Labour does desperately need to alter how it thinks of the world. It needs to weave a path which avoids the twin cul-de-sacs of Fabianism and the new conservatives. It needs to open up to new ideas about territoriality, nation, state and place. It needs to ask what would be the ingredients of a successful, self-governing, self-sustaining Labour community and place, and how it balances this with issues of equity? We know one thing for sure – Glasgow East and the existing order of things is about as far as you can get from such a place as possible.
(Instead, the only ‘hope’ or sense of spirit Labour offered the voters there was a defiant defensive ‘we’ll show them’ local patriotism after the SNP pointed out that some of its health indicators were worse than Gaza. A kind of sad futureless syndicalism, ‘We may be hopeless, but we are the hopeless of Glasgow so watch out!’ that may indeed have drawn 10,000 loyal supporters to the polls – but even they know it has no future.)
Meanwhile, a change of thinking, and a new radical politics, that does indeed combine elements of social democracy and liberalism, is already underway: outside of Westminster and the narrow bandwidth of New Labour. Progressive agendas are already growing across the UK. Of course, sometimes they are noisy and suffer from interference. But this is a sign of their vitality. In Scotland, first, the coalition of Labour and the Lib Dems, and now, more pronounced, the SNP minority administration, have given life to a revitalised social democratic sensibility. In Wales, the Labour/Plaid Cymru coalition, and in London before Boris Johnson’s election, the Labour/Green collaboration, have shown similar possibilities.
What such genuinely new “fusions” of power have in common is that they have developed within the context of bodies elected by proportional representation, and they gave voice to very different constituencies and their leaders do not echo New Labour mantras: Alex Salmond in Scotland, Rhodri Morgan in Wales, and Ken Livingstone in London – all representing a new kind of popular politician. But reading David Miliband’s ‘Guardian’ article and Sunder Katwala’s response, I get the impression that the Westminster Labour village of ministers, advisers and think tanks, has little grasp of this. They don’t understand that lots of us already inhabit a political process that is broadly positive and we have a different experience of change from the direction New Labour has taken.

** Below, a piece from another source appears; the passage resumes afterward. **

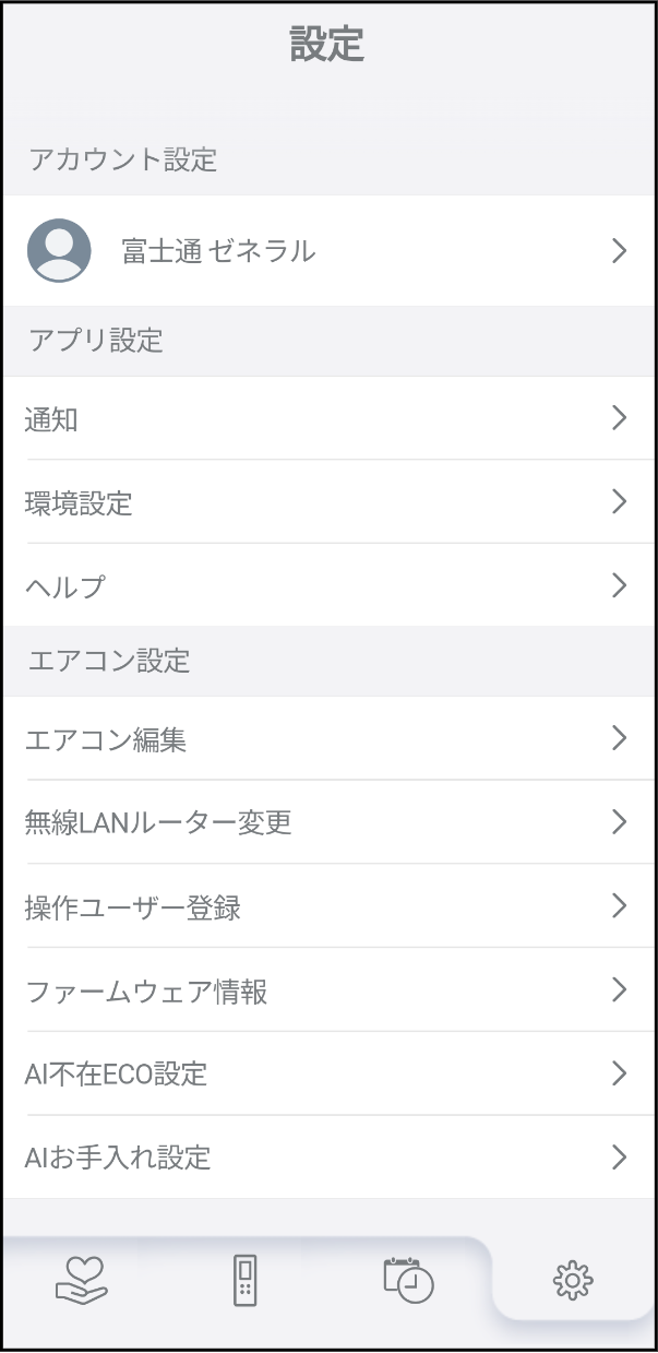 ホーム 各種設定を変更する 設定タブ [ ] から各種設定を変更・確認できます。 (a) をタップして設定タブを開きます。 以下の設定を確認、変更できます。 アカウント設定 アプリ設定 通知 環境設定 ヘルプ エアコン設定 エアコン編集 無線LANルーター変更 操作ユーザー登録 ファームウェア情報 AI不在ECO設定 AIお手入れ設定 お知らせ エアコンによっては、一部の機能が表示されない場合があります。

There have been considerable achievements of a decade of Labour. But it is tarnished and threatened by where it seeks to take progressive – and British – politics. The Westminster village seem blind to the way New Labour has trashed the egalitarian and public impulse of the labour movement and diminished what it means to be on the left. Old fashioned social democracy needed to be democratised, to put it mildly. Instead, Blair-and-Brownism, for want of a better word, have made it something worse. There is now no unique Labour story of its mission and purpose, merely a commitment by its officer class to the new order. Nor is there a Labour story of the nation and nations of these isles.

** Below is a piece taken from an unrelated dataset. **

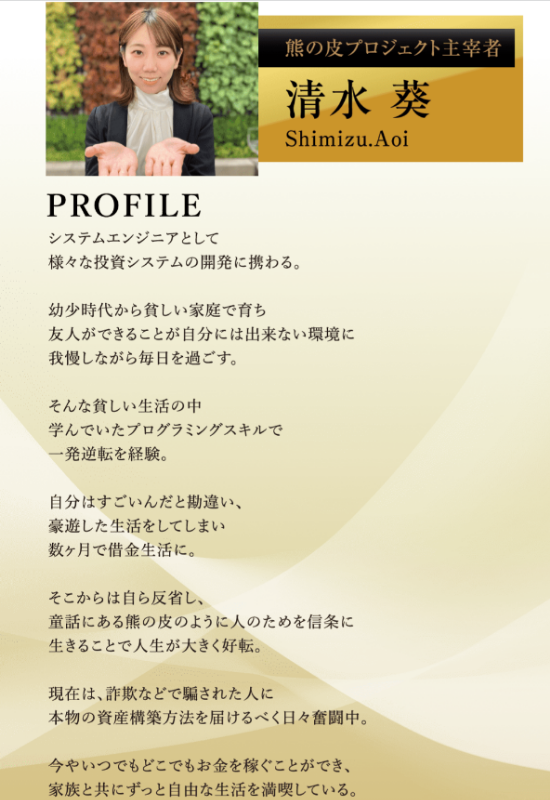 熊の皮プロジェクト主宰者・清水葵氏について調査します。
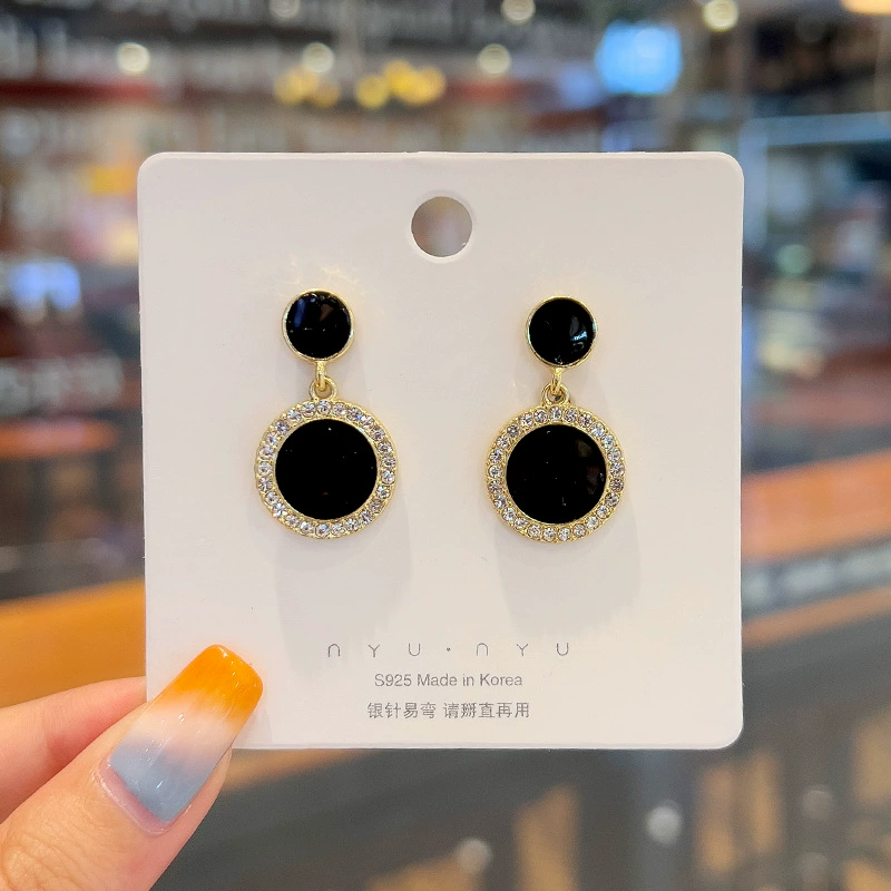 Light luxury black high-quality micro-inlaid niche retro silver needle

Progressives need to offer sustenance to the hopes, energies and imaginations of people with effective concepts of voice and power. Such a new progressive imagination can already be seen in Scotland and Wales, where it will continue to grow with or without Labour. It will then find its English form.
The choice for Labour is whether it wants to remain the party of the new ancien regime paving the way for the Conservatives or whether it can begin to make the break from this mindset. No debate about the future of Labour is worth its salt if it fails to confront this.